Those practising in the field of noise induced hearing loss (“NIHL”) will be familiar with the Coles, Lutman and Buffin Guidelines 2000 (the “CLB Guidelines”) and the later Lutman, Coles and Buffin Guidelines 2015 (the “LCB Guidelines”) published to assist medical and legal practitioners in the diagnosis and quantification of hearing loss, respectively.
In February 2022, a new co-authored paper was published, proposing modifications to the CLB/LCB methods for diagnosis and quantification and of NIHL: “The Moore, Lowe and Cox Guidelines for Diagnosing and Quantifying Noise-Induced Hearing Loss (2022)” (the “MLC Guidelines”).
This blog post deals with the first aspect of that paper: the proposed modifications to the requirement for sufficient noise exposure (“R2”) i.e. the required lifetime noise immission level (“NIL”) in the context of industrial deafness.
Every individual will experience a degree of age-related hearing loss (“AAHL” / presbycusis) as they age. The common difficulty for the court is how to determine whether an individual has suffered NIHL, as distinct from presbycusis or any other organic cause of hearing loss.
The CLB Guidelines
The solution proposed by the authors of the CLB Guidelines is a threefold methodology:
First, to determine whether the individual has suffered a high-frequency hearing impairment. The hair cells in the cochlea most likely to suffer noise damage are those that translate high-frequency impulses (in particular, the 4kHz frequency) (R1).
Secondly, to determine whether an individual has been exposed to noise of a level capable of causing material hearing loss in the majority of individuals (R2).
Thirdly, to compare the individual’s hearing threshold levels (“HTL”) to the average HTLs measured from a sample of a non-noise exposed population (based on the ISO7029 (1984) data set) and ascertain whether there is any excess loss. The excess loss is often in the form of a large excess at 4kHz forming a “notch” on the audiogram, however if the individual has also suffered hearing loss from the natural process of aging, it is often in the form of an excess loss spread across the higher frequencies (typically 3-6kHz) forming a “bulge” on the audiogram (R3).

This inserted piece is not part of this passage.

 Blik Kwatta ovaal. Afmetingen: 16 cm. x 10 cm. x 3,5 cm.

Naturally, the presence of hearing loss in excess of that expected by age alone does not mean that it has been noise-induced. It may simply be part of that individual’s pattern of hearing or there may be other explanations for non-AAHL (such as consumption of ototoxic drugs or repeated and unresolved ear infections). It is not controversial that the susceptibility of any given individual to NIHL cannot be predicted and is highly variable.
The MLC Guidelines
The authors of the new MLC Guidelines propose two modifications to requirement R2:
1. First, the required lifetime noise immission level (“NIL”) should be reduced to 90dB(A) in respect of exposure to steady broadband noise, or 86dB(A) if the individual was exposed to impulsive sounds i.e. hammering (for individuals who have participated in any active military service there is an assumption that they have been exposed to sufficient noise to cause hearing damage – not discussed in this post).

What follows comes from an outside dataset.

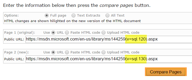 Once you have navigated to the webpage, simply fill in the URLs for the two versions and click compare pages. Be sure to pay attention to which URL you are putting into the original text box and which goes in the new text box.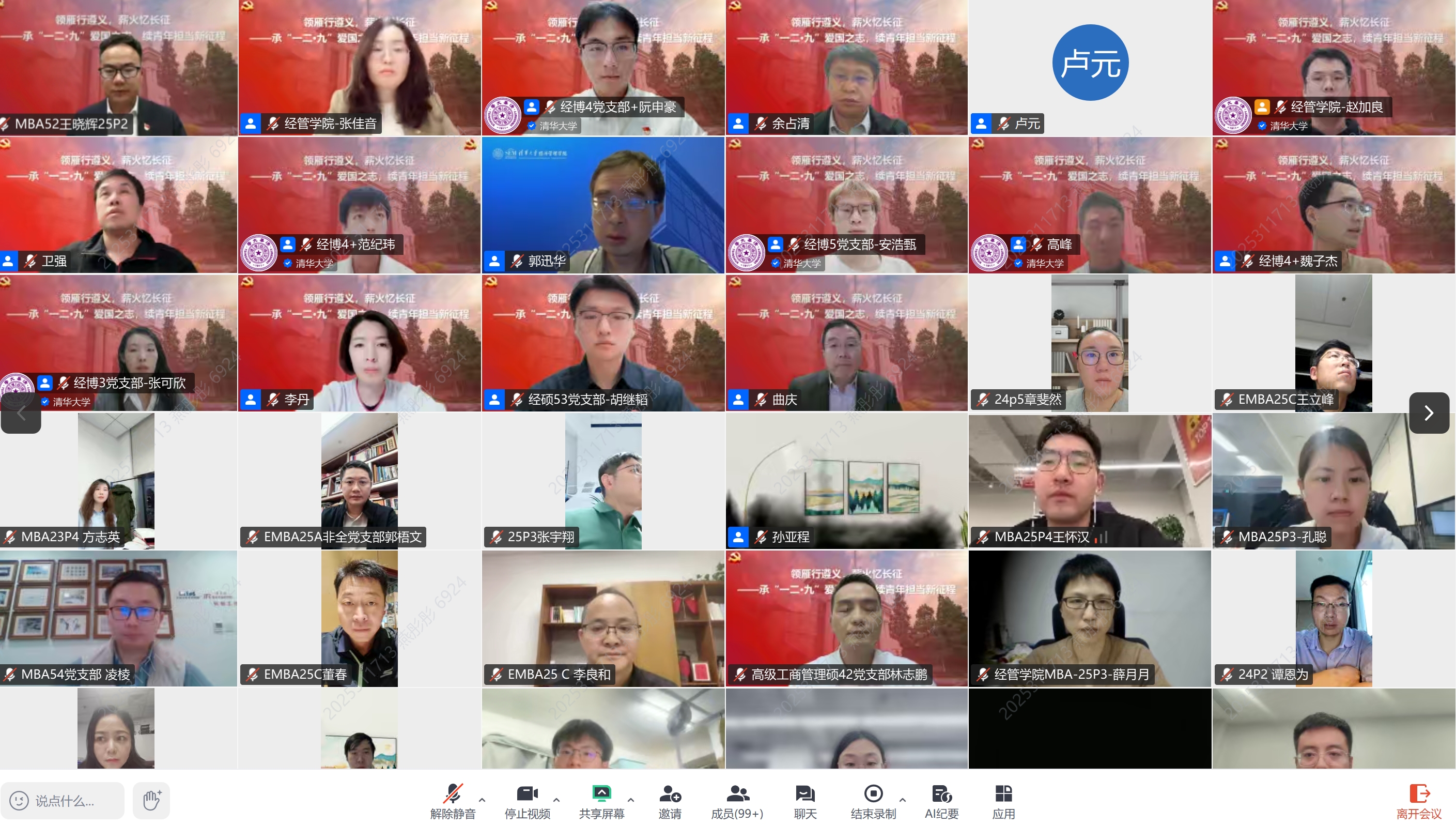 2025年11月13日,“领雁行遵义,薪火忆长征——承‘一二·九’爱国之志,续青年担当新征程”主题教育活动于线上举行,来自永利集团88304官网在线登录、电机工程与应用电子技术系、化学工程系和国际与地区研究院的近600名师生党员齐聚云端,共上一堂红色党课。经管学院党委书记薛健,副院长何平,党委副书记高峰、刘庆,党委委员李丹、曲庆、卫强、孙亚程、郭迅华,电机系党委副书记余占清,化工系党委副书记卢元,地区研究院师生党支部副书记石靖,以及兄弟院系教师代表出席。活动由经管学院党委研究生工作组组长张佳音主持。

This differs from the CLB Guidelines which state that at least 50% of individuals exposed to 100dB(A) NIL (R2(a)) will be likely to have suffered a measurable degree of hearing loss. However, it was recognised that “substantial amounts of NIHL can be caused in a minority of persons exposed to <100dB(A) NIL” and for those more than averagely susceptible individuals whose audiometric evidence of noise damage is stronger (a 20dB notch or bulge), a less stringent noise exposure requirement is applied, of 90dB(A) NIL.
2. Secondly, that there is no lower limit on the noise to which the individual has been exposed.
This differs from the CLB Guidelines in which it is explained in Note 7 that “LEP,d noise levels below 85dB(A) in fact cause very little NIHL. With low noise levels, the noise immission calculations tend to over-estimate the potential auditory hazard.” Therefore any noise dose below 85dB(A) is discounted from the NIL calculation.
The Lifetime Noise Immission Level (NIL)
Steady Broadband Noise
It is to be noted that the authors of the MLC Guidelines declare in the introduction to their paper that their motivation for writing the paper is their perception that the diagnostic criteria applied by the courts (the CLB Guidelines) are unfair as many Claimants who claim a history of noise exposure are unsuccessful in their claims.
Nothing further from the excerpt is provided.